Of Girls Like Us: Carole King, Joni Mitchell, Carly Simon and the Journey of a Generation, Weller said, “I always wanted to write about the journey we all take (into womanhood) and these three women were always in the forefront of that dream.”
The germ of the idea sprung from the Sara Davidson book, Loose Change, in which the lives of three Berkeley women are chronicled against a backdrop of sixties sex, drugs and rock and roll. Weller, a New York Times bestselling author and a graduate of Berkeley herself, recalls, “Just after my son was born, it hit me that I should tell this story in the same way. In Loose Change, the lives of the three best friends are woven into an account of middle class girls’ coming of age. I wanted to do the same thing, but I knew it would be a huge risk to write about three well-known women who weren’t best friends, in that intertwined, novel-like mode.”

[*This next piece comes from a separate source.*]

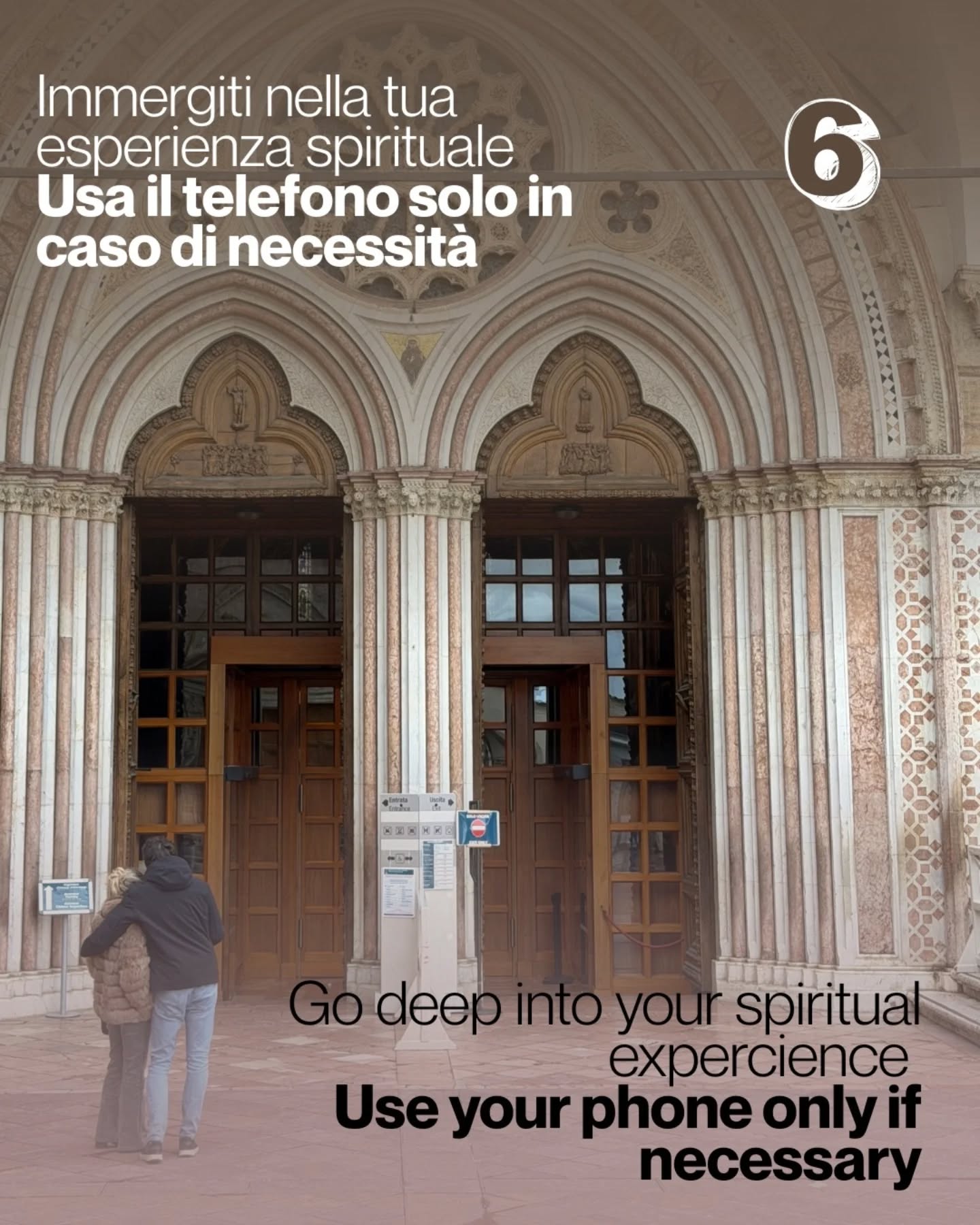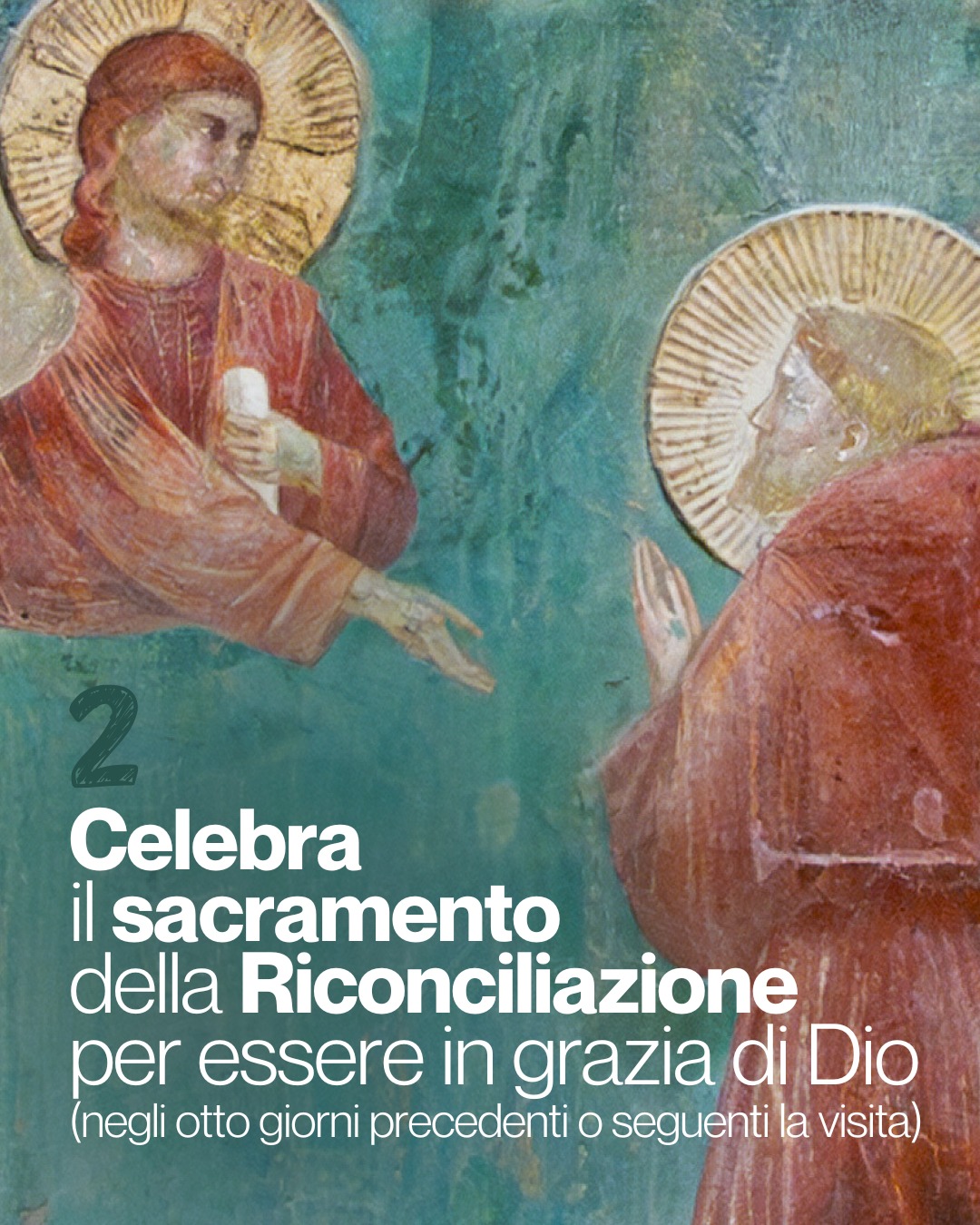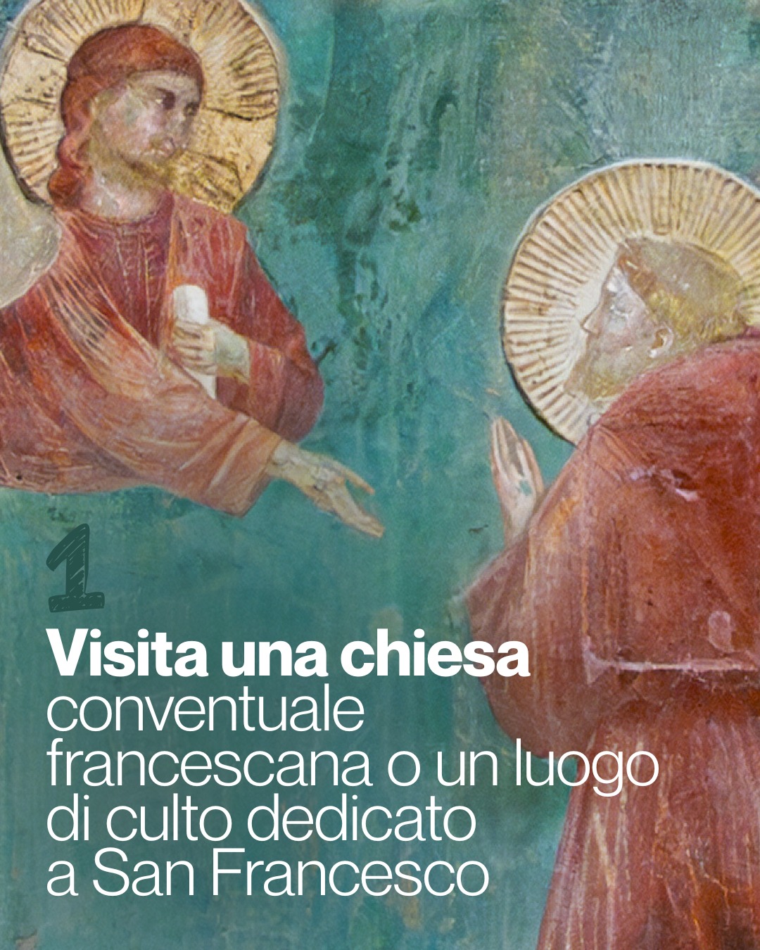 - Opzione B (autonomo e silenzioso): Questo percorso è pensato per essere vissuto in totale autonomia, lasciandosi guidare dal silenzio e dai sussidi multilingue preparati lungo il cammino. È un invito a un dialogo intimo e personale con la testimonianza di Francesco. Nessuno, neanche i capigruppo o le guide, potrà fornire spiegazioni a voce o con auricolari. La durata dell’intero percorso è stimata in circa 1 ora e 30 minuti dall’orario della prenotazione.

As the book explains, life was never dull for Mitchell, King or Simon, with their Top Ten hits, Grammies galore, marriages and layered love affairs deep in California’s renowned Laurel Canyon. And Weller discloses some secrets that until now had been carefully guarded.

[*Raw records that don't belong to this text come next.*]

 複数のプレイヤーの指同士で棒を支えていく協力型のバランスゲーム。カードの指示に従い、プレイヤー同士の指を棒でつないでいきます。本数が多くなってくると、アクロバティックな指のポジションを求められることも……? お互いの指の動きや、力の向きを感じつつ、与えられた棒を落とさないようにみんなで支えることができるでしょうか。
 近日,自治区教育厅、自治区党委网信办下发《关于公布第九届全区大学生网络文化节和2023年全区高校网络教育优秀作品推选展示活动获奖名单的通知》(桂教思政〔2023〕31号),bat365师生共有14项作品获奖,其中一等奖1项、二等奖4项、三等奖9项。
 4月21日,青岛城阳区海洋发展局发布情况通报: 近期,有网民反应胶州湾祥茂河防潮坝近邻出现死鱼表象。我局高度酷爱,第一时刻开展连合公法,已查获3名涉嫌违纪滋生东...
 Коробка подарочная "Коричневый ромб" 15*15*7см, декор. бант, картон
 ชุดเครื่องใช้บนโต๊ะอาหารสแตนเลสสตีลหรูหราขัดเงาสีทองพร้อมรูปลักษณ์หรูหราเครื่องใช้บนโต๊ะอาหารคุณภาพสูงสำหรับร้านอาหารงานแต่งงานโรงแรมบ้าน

“Few of King’s fans know that on the day that Kennedy was shot, Carole King, her husband, lyricist Gerry Goffin, and singer Jeanie McCrea were in the studio recording together.” Where the situation becomes skewed is the fact that, at the time, Goffin and King were married with two daughters of their own, and Jeanie was pregnant with Goffin’s baby. The Goffin-King marriage ended in the late 1960s; Goffin never married McCrea, and though the three children lived apart, they were brought up as siblings.

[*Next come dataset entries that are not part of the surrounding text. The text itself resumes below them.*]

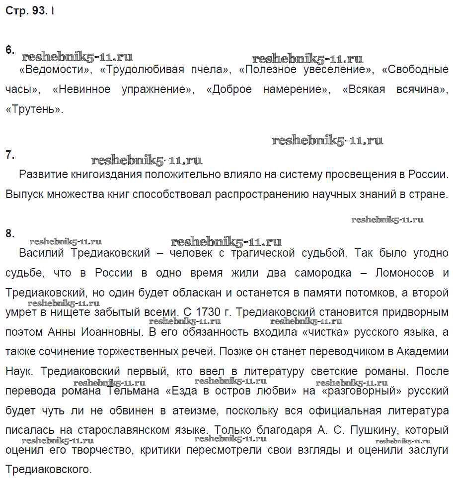 Готовая домашняя работа с ответами по Истории за 8 класс Артасов, Данилов, Косулина, Соколова Рабочая тетрадь УМК Просвещение 2016 ФГОС - Страницы 93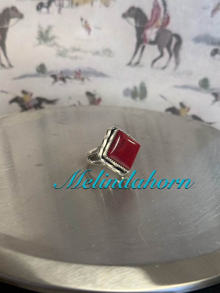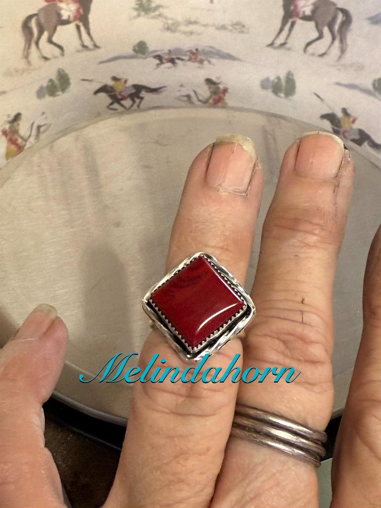 Red Rosarita square set in fine and sterling silver with sterling accents. Size 6 1/2 sterling silver double shank band.
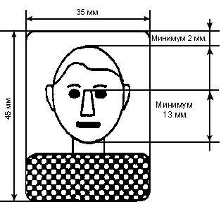 Содержать изображение лица, шеи и плеч, причем расстояние от переносицы до подбородка - минимально 13 мм, от головы (макушки) до верхнего края фотографии - минимально 2 мм

“But even after their early careers reached their peaks in the late 70s, there was still so much more to tell! Look at the exoticism of Carole’s life in Idaho! Here’s this middle class Jewish girl from Brooklyn living in the mountains in a cabin with no running water, alone with her kids. She home-schooled them and woke up every morning at five to milk the goat. I think that was gutsy and tremendously admirable, to stretch so far from her childhood roots.
“And we tend to think of Joni as a sensitive, high-voiced girl, but she was wonderfully eccentric, really out there! She dressed up as a black pimp, drove across the country in a red wig with a fake name and knocked on the doors of gnarly old Nashville legends. This is not the ethereal girl anymore. This is a real funny broad!”
Weller continued, “And Carly, who’s considered so sophisticated and privileged, having socialized with Jackie O. you don’t think of someone that polished being so vulnerable and unfiltered.” (Weller even reveals in the book who “You’re So Vain” was most likely written about!)